Haiti, colpita nel 2010 dal terribile terremoto che ha costretto più di un milione di persone a vivere in tende ed alloggi temporanei, fino a trent’anni fa riusciva a produrre tutto il riso che consumava finchè le politiche economiche occidentali hanno distrutto questo equilibrio. Oggi la popolazione di Haiti non può ricostruirre le proprie case a causa dell’elevato costo dei materiali da costruzione.

Proprio per questo motivo, il progetto di due studenti di architettura del Politecnico di Torino sembra dare una svolta non solo civile ma anche economica ad un Paese ancora in ginocchio dovpo il catastrofico evento sismico.

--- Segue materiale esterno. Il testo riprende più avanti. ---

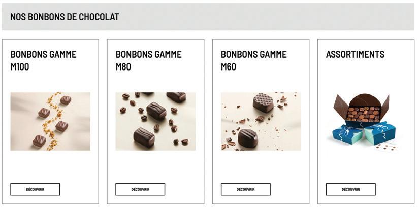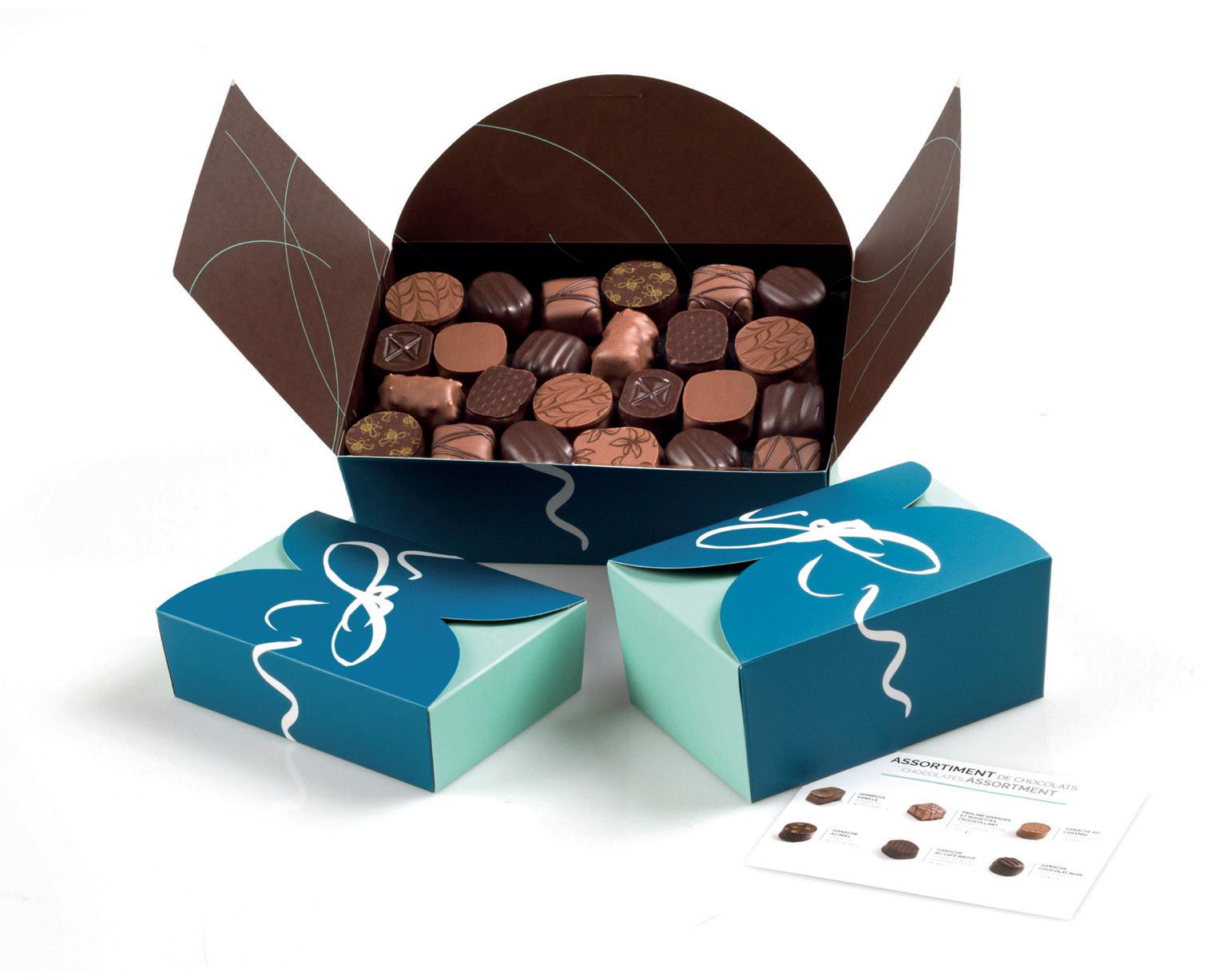 Todos nuestros bombones de chocolate están envasados y protegidos en cajas de 0,9 kg a 3,5 kg. En el caso de chocolates con envases específicos, se menciona al lado de la descripción de cada producto (por ejemplo: chardons, bouchées…).
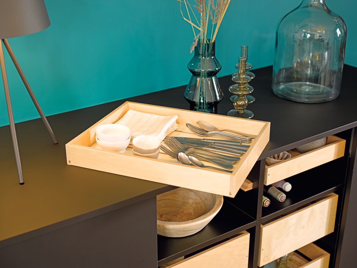 Deux portes Noir Pearl viennent compléter ce buffet noir mat. Elles soulignent le caractère moderne du meuble tout en laissant visible une partie du contenu de ce buffet bas design, d'aérer l'espace en laissant les clayettes apparentes. Cette version semi ouverte apporte une note de nature et de lumière au cœur du meuble. Les aménagements de Cuisinella sont tous sur mesures, ce qui vous permettra d'opter, si vous préférez, pour un total look noir, grâce à quatre façades noires, accentuant l'impression minimaliste de votre meuble.
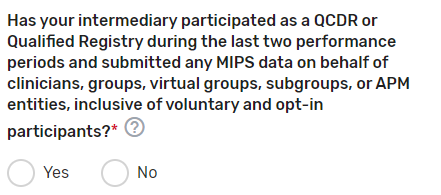 Promoting Interoperability tab – Intermediaries are required to select the Promoting Interoperability objectives and measures supported for the 2023 MIPS performance period. For the Promoting Interoperability performance category, if the MIPS eligible clinician, group, virtual group, or subgroup1 is using certified electronic health record technology (CEHRT); the third-party intermediary may be excepted from this requirement if ALL its MIPS eligible clinicians, groups, virtual groups, or subgroups fall under the reweighting policies. Health Information Technology (IT) vendors are required to submit data for at least one category. For more information, please see the 2022 MIPS Promoting Interoperability User Guide.
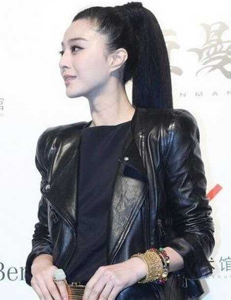 女神范的冰冰高高马尾一定要试试!全部头发高高扎起,一束小发丝在权当发圈缠绕着马尾,完美展现迷人轮廓,搭配帅气耸肩机车皮衣、精致的首饰,十分帅气女神范哦!她的女人味一直吸引众多GG的眼球哦!
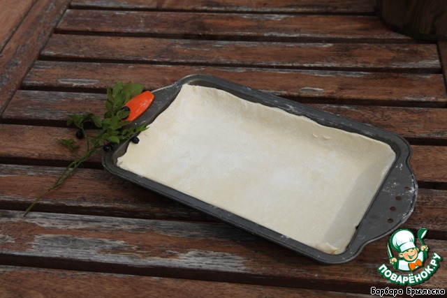 Через полчаса тесто выложить в смазанную маслом форму и раскатать его, по всей форме. Четверть теста отложить, чтобы сделать "решетку".
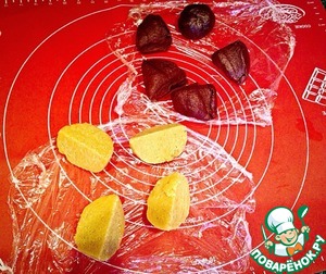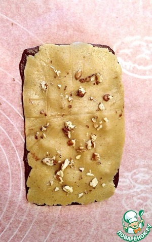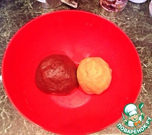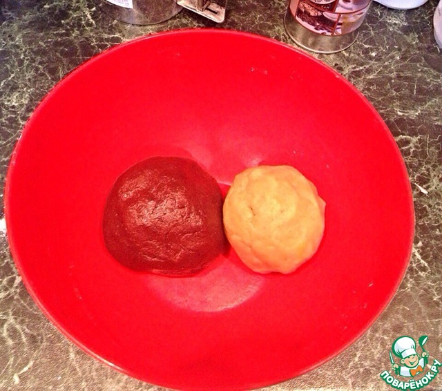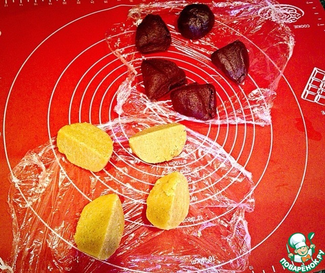Получается два вида теста. Каждое завернуть в пищевую пленку и убрать в холодильник на 50 минут. -
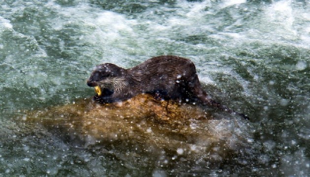 Dünya Doğa ve Doğal Kaynakları Koruma Birliği (IUCN) tarafından nesli tükenmekte olan hayvanlar kategorisinde yer alan su samuru, Kemaliye ilçesinde Fırat Nehri kıyısında çevredekilerin cep telefonu kameralarıyla kaydedildi.
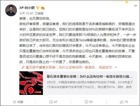 (觀察者網訊)對於基石資本董事長張維昨日發文提出中國沒有任何一家新能源造車企業值得投資的言論,小鵬汽車董事長何小鵬3月19日通過微博賬號@XP-何小鵬 回應稱,做批評者容易,做建設者難,我們的選擇就是幹活多痛苦指數高的,勞模是逼出來的,這是我們自己挑的。但我們的樂趣就是在99%的質疑中最後活下來並且長大的並且更多的改變世界,我們只要選擇那1%相信的人為原點和種子,一步一步做好自己並放大即可。無論吉利長城還是Tesla等都值得欽佩,當年他們更苦更難都熬過來了,當年他們面對的嘲諷只會更多,今天也沒有停止。今天新造車企業只是在重複他們當年的故事,今天很多創業公司也只是在重複類似的故事,不管是否成功只要真心想幹好不是忽悠的我都佩服,今天蔚來、小鵬等的困難和挑戰,只是成長路上的一個坑罷了,總是要往前的。
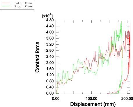 ![]() Figure 5. Front leg reaction forces measured against impact displacement.
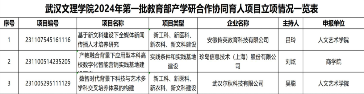 4月17日,教育部公布2024年第一批产学合作协同育人项目立项名单,武汉文理学院获批3项。
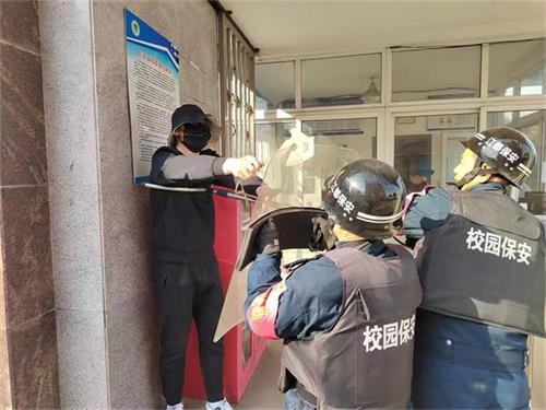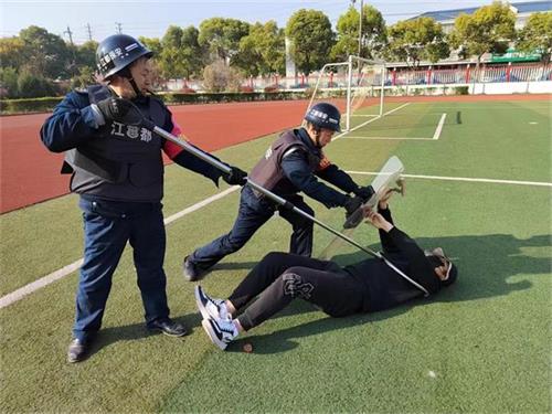 模拟场景一:一名由体育老师扮演手持凶器的“歹徒”强行要闯入校园,2名保安人员迅速手持防暴器械阻止,门卫按响传达室内的公安联网一键报警装置并报告龚宜和校长,安保处工作人员同时疏散学生撤离,齐心合力迅速将”不法分子”制服,成功保护了师生生命安全。
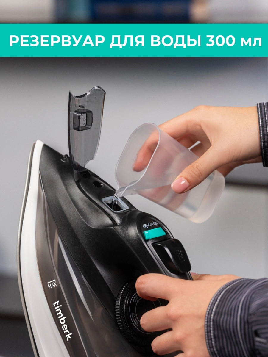 Паровой удар до 190 г/мин и увеличенный резервуар для воды – 300 мл позволяют с лёгкостью отпаривать большое количество одежды.

Il ciclo vitale del riso non si esaurisce con il consumo del cereale che rappresenta nel Mondo il nutrimento principale per oltre la metà della popolazione, ma il suo scarto, cioè la paglia, può essere usato come materiale da costruzione, così come veniva già usato agli albori dell’umanità per la costruzione di case e capanne. Balle di paglia di 100x50x35 cm, legno, bamboo. A collaborare con questi materiali, il calcestruzzo armato per il cordolo di fondazione e copertoni riempi con terra pressata che rappresentano insieme una sorta di isolatori sismici che assorbono l’energia prodotta da un terremoto.

E’ stato realizzato un padiglione a Biella per poter osservare da vicino le capacità tecniche e ambientali del sistema portante in mattoni di paglia e poi è stato realizzato un prototipo ad Haiti.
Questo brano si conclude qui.